• Your task: Should pictures appear among the records, leave them out, and copy exactly only the lines from the first through the one with "70/73/23/30/24pcs Simple Metal", inclusive.

• Available records:

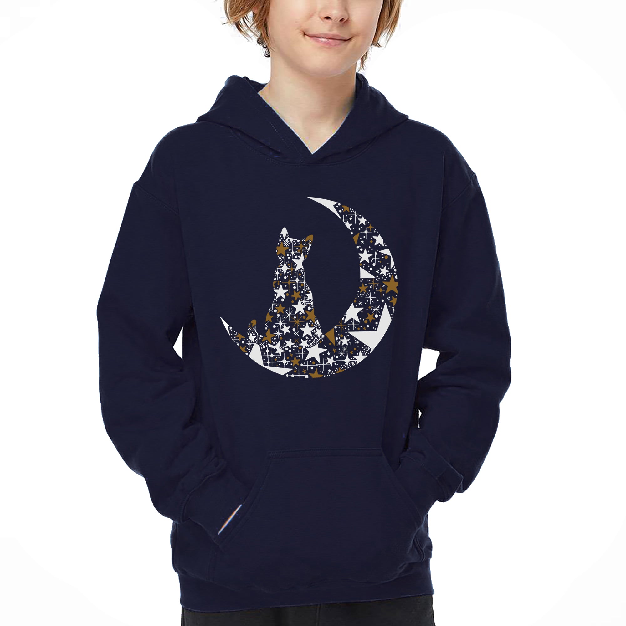 Cat Sitting On Moon - Boy's Word Art Hooded Sweatshirt
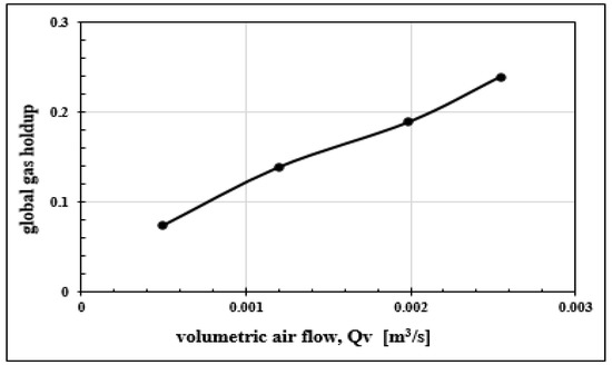 The gas holdup increases with the air flow () while the variation of the pressure () is inversely proportional to the same air flow. In Figure 12, the global gas holdup is represented in relation with volumetric air flow (); as expected, the overall gas holdup increases with the injected air flow rate and will be compared hereafter to the local gas holdup measured by the optical bi-probe as in Besagni et al. [36]. This accuracy will also depend on the difference that will be obtained between the values of the two gas holdup measurements.
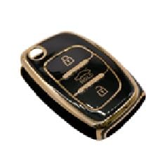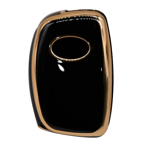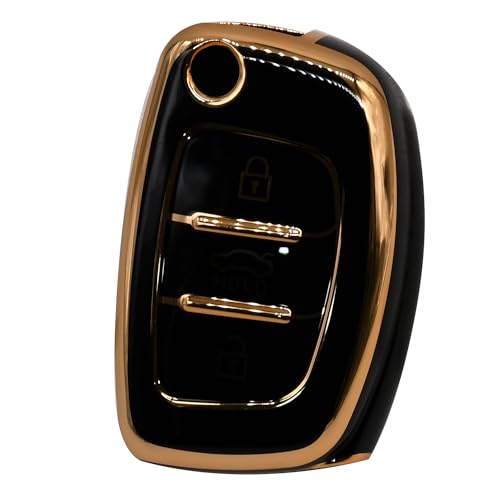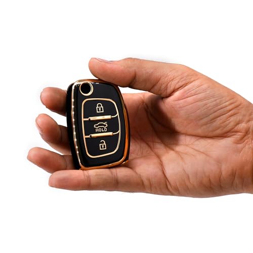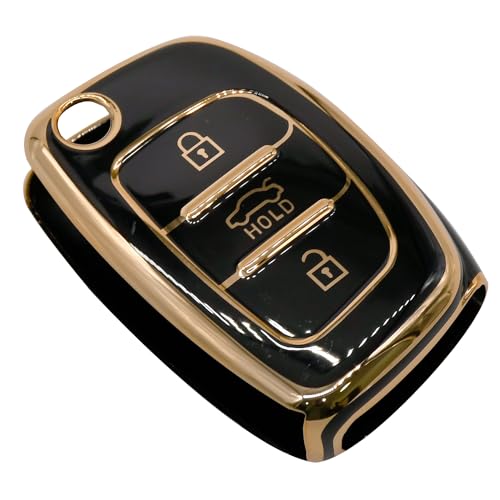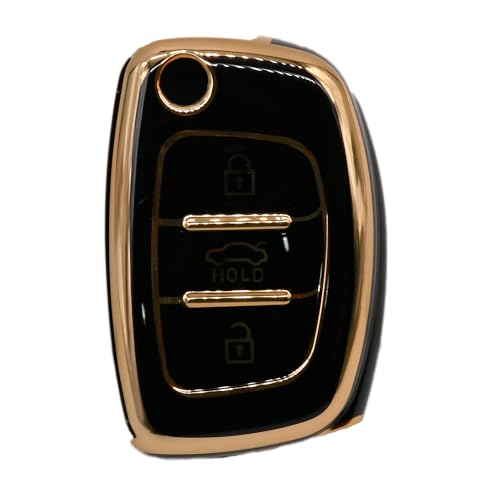 KMH - غطاء مفتاح من البولي يوريثين الحراري بحواف ذهبية كيه ام اتش متوافق مع هونديا كريتا i20 اليت i20 اكتيف فينو اورا جراند i10 نيوس ذكي بثلاثة ازرار عبوة قطعة واحدة اسود
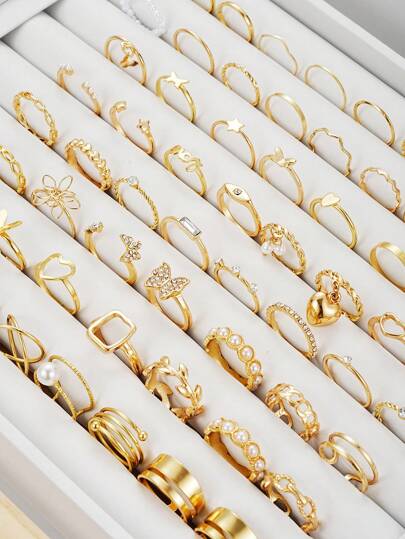 70/73/23/30/24pcs Simple Metal Geometric Faux Pearl Heart Stackable Ring Set, Women Holiday Date Gift, Casual Party Accessory, Suitable For Girlfriend/Friend - Style 1 - View 8
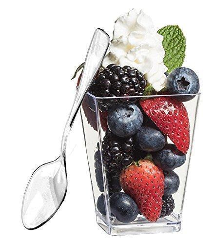 • PERFECT PLASTIC DESSERT CUPS - 50 Cups, 50 Clear Mini Spoons, Cup: Capacity: 5 ounces, Dimensions: 1.6" at the bottom, 2.3" at the top, 3" tall, Spoon measures 3.75" long; Perfect Size Individual Sampler Cups, great for Serving Ice Cream, Sundaes, Fruit, Trifles, Parfaits, Compote, Jello Shots, and Shrimp, or Party Favors; use as Cocktail Glasses, Dip Bowls, Candy Dish, Condiment Cup, Mousse Cups, Soup Cups, Trifle Bowls, Parfait Cups, Shot Glasses, and Wine Glasses
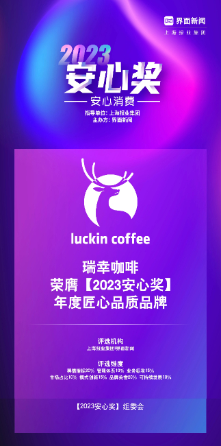 近日,在上海报业集团、界面新闻主办的“2023新消费盛典”上,瑞幸咖啡荣获“2023安心奖——年度匠心品质品牌”奖项。该奖项以“安心”作为落脚点,甄选极具口碑、创新、成长价值的优秀品牌,展现优秀品牌对中国消费领域发展所做的卓越贡献。
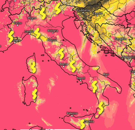 Giornata molto temporalesca su parte delle regioni centrali e al meridione, specie nei settori interni, ma con possibili sconfinamenti costieri. Tempo più stabile al nord e sulla Sardegna a parte nubi pomeridiane senza conseguenze. Temperature in calo al centro e al sud, stazionarie al nord.
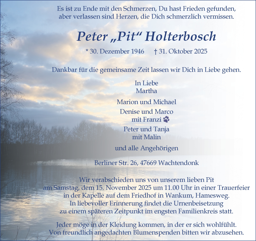 Hier finden Sie alle Traueranzeigen aus der Zeitung, die bisher für Peter Holterbosch erschienen sind. Weitere Traueranzeigen, die in der Zeitung erscheinen, werden hier ebenfalls aufgelistet
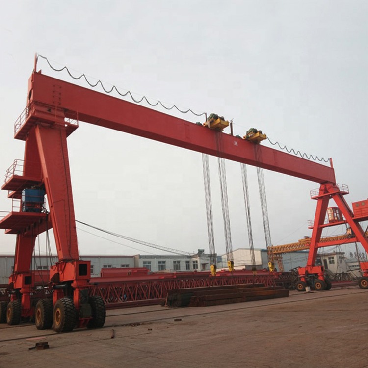 Rubber Tyred Gantry Crane, or RTG Crane for short, is a kind of mobile gantry crane with rubber tires as the traveling device. Its core structure is similar to that of an ordinary gantry crane, with main girder, outriggers, hoisting mechanism and trolley system, but the biggest difference is that it doesn’t need to rely on fixed rails, and can move freely on the level ground.
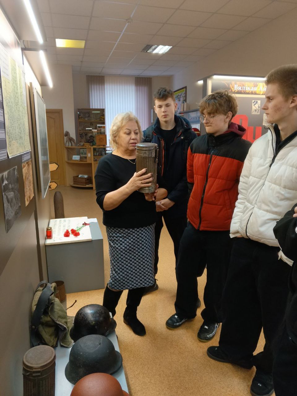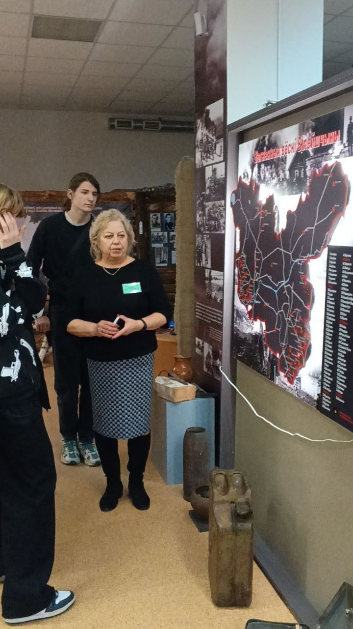 Экспозиция музея погрузила ребят в трагические страницы истории, связанные с оккупацией Вилейки. Молодёжь увидела материалы расследования злодеяний, совершённых бывшими служащими Главного Управления отделения СД, включая копии фотографий и схемы расположения гетто.
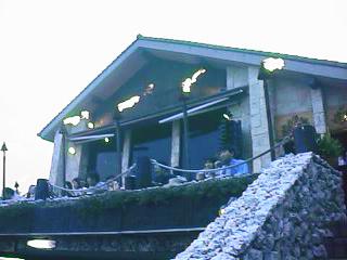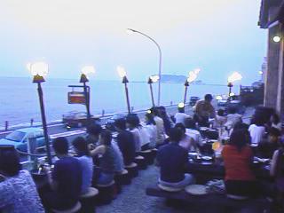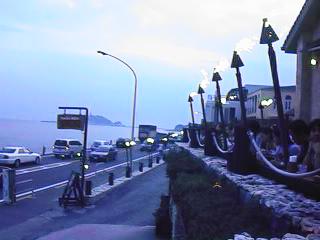 夜になると外テラスにはかがり火が焚かれてとっても目立つカフェだった。

• Exercise response:
 Cat Sitting On Moon - Boy's Word Art Hooded Sweatshirt
 The gas holdup increases with the air flow () while the variation of the pressure () is inversely proportional to the same air flow. In Figure 12, the global gas holdup is represented in relation with volumetric air flow (); as expected, the overall gas holdup increases with the injected air flow rate and will be compared hereafter to the local gas holdup measured by the optical bi-probe as in Besagni et al. [36]. This accuracy will also depend on the difference that will be obtained between the values of the two gas holdup measurements.
 KMH - غطاء مفتاح من البولي يوريثين الحراري بحواف ذهبية كيه ام اتش متوافق مع هونديا كريتا i20 اليت i20 اكتيف فينو اورا جراند i10 نيوس ذكي بثلاثة ازرار عبوة قطعة واحدة اسود
 70/73/23/30/24pcs Simple Metal Geometric Faux Pearl Heart Stackable Ring Set, Women Holiday Date Gift, Casual Party Accessory, Suitable For Girlfriend/Friend - Style 1 - View 8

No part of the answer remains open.